When you ask adolescents why they drink, most of them report drinking for social motives or enjoyment. Some report enhancement motives and only a few talk about coping as a reason (Kuntsche et al., 2005). For example, in an Argentinian study 80% of 13 to 18 year olds reported drinking for enjoyment while only 7% stated to improve a bad mood, 4.6% to be accepted by peers, and 1% to relax or to escape boredom (Jerez & Coviello, 1998). In another study conducted among 14 to 16 year olds in the UK, 94.4% explained that their heavy drinking was to make nights out more pleasurable (Plant et al., 1990). In a Canadian study, most college students talked about enjoying the taste, partying and being social, while only 2.1% mentioned forgetting worries or feeling less shy (Kairouz et al., 2002). While social motives appear to be associated with moderate alcohol use, enhancement is linked to heavy drinking, and coping motives are associated with alcohol dependence later in adulthood (Carpenter & Hasin, 1998a, 1998b; Carpenter & Hasin, 1999). Indeed, it has been suggested that drinking to cope with problems is effective in the short term but leads to adverse long-term consequences as it also raises discordance as negative issues have not been adequately dealt with (Cooper et al., 1995; Kassel et al., 2000).

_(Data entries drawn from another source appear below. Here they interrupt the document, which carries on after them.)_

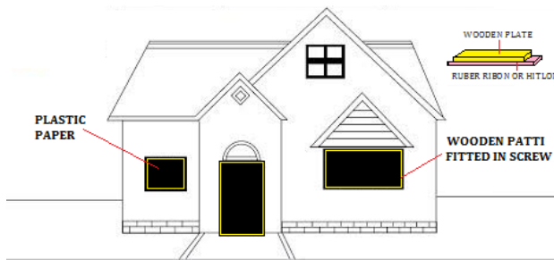
Fig.1.8 House packed by plastic paper
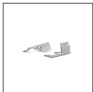
KRAV-05IN grey End cap Ref: 24308
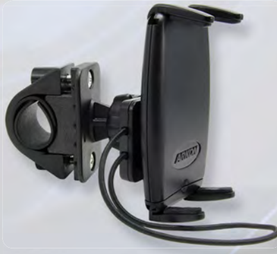
SM532 Slim-Grip® Smartphone Handlebar Mount with Safety Secure Strap
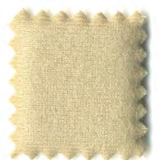
MH 2002 Lt Neutral
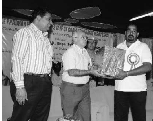
Staff Reporter, Port Blair, Jan 24
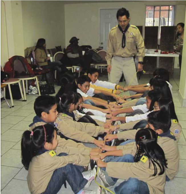
Cubs and Scouts of Laging Handa 0592 play the game of the unity rope - they have to be in synchronized move to stand up together holding on to the rope.
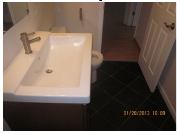
MLS#: 08281239 Attached Single 7234 W North AVE Unit #: 1002 Elmwood Park IL 60707
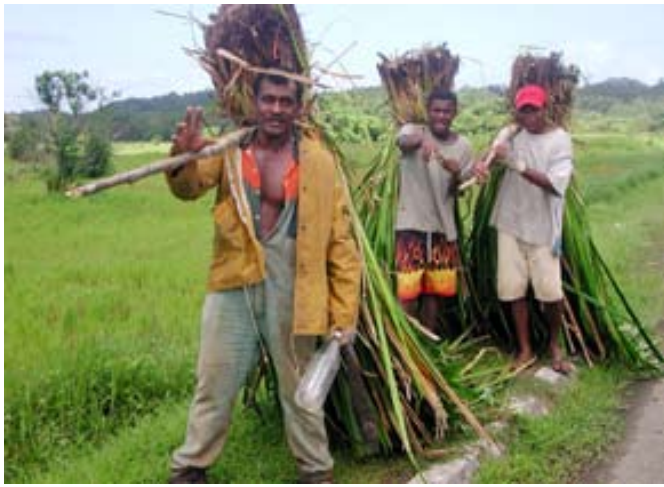
Harvesting of leaves for thatch on building structures. Misi-misi variety, Wainidoi, Fiji.

end can be used as a brush for decorating tapa, with the hard, woody outer end acting as a handle. Fish traps are made out of the aerial roots in Kiribati.
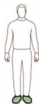
901 Shoe cover 904 Shoe cover (PVC sole)
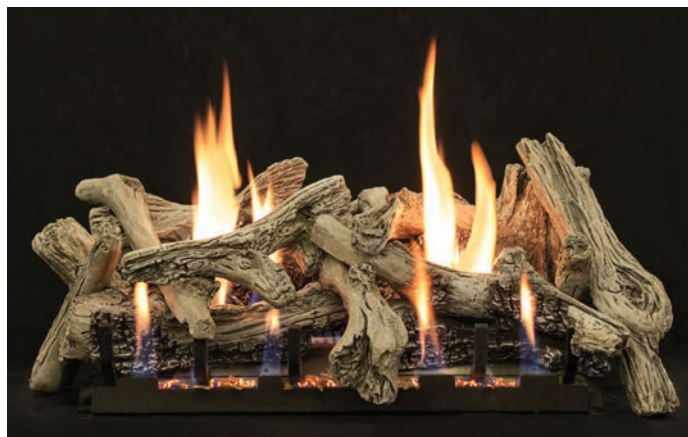
Driftwood Burncrete® Log Set (LS24CD)
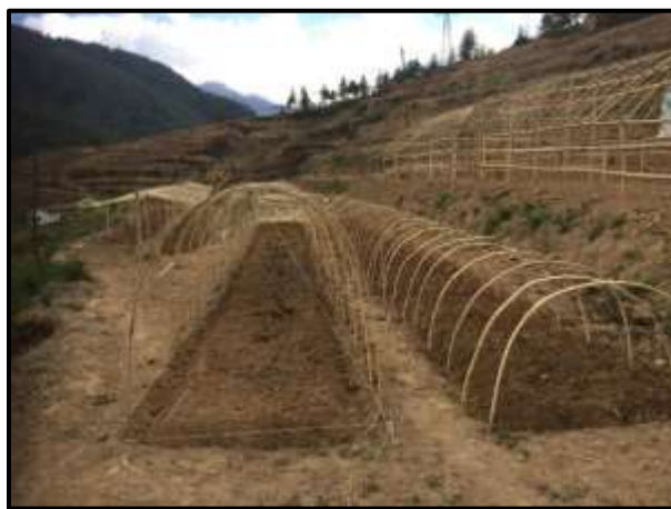
Figure 11. Tomato under different protected structures
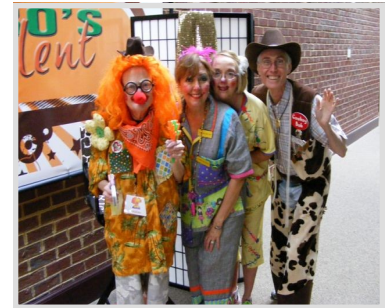
Freckles the Clown and friends!
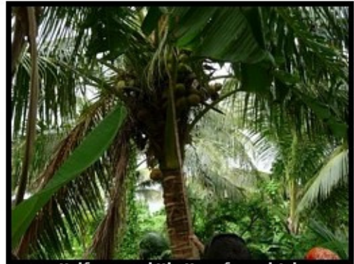
Halfway and it's time for a drink Bring on the coconuts
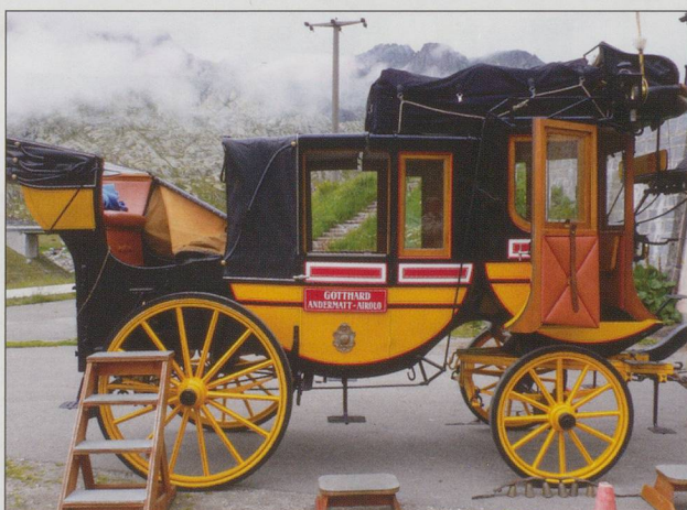
RIGHT: The carriage used now for tourists. LEFT: A depiction of the dangers faced by travellers back in the day.

Family history: the genetic component

Research has consistently provided evidence that a positive family history is a strong (and perhaps the most robust) predictor of alcoholism risk (e.g., McGue, 1999). Biological children of alcoholics are about 3 to 5 times more inclined to develop alcohol related problems than the biological children of non-alcoholics (e.g. Cotton 1979; Finn et al. 1990; Lieb et al. 2002), with a particularly high level of risk for multigenerational (Hill et al. 2000; Peterson et al. 1992) or dense (Dawson & Grant 1998) family history. Moreover, the role of age in heritability seems to be very important. Research specifically addressing heritable components in the emergence of AUDs during adolescence have found that although the initiation of alcohol use and social drinking were only modestly related to genetic risk in this age range, problematic use appears to be very much heritable (Hopfer et al., 2005; Rhee et al., 2003; Pagan et al., 2006). Fowler et al. (2007) similarly reported that about 30% of the variance in initiation was due to genetic influences while they accounted for 50–60% in the progression of alcohol use. Furthermore, it has been shown that the genetic contribution to problem drinking in youths is limited in mid-adolescence, but that the biological risk increases as teens mature into late adolescence (Rose et al., 2001).

Conduct disorders

It has been shown that conduct problems during childhood predict alcohol-related problems among adolescents and young adults (Kuperman et al., 2005; Johnson et al., 1995). Such issues are comorbid with ADHD and when combined they pose a high risk for SUD, although this risk is halved for treated youth (Wilens et al. 2003). Further, the severity of the subtype of conduct or antisocial behaviour is correlated with the severity of the substance dependence problems (Cottler et al., 1995; Bucholz et al., 2000).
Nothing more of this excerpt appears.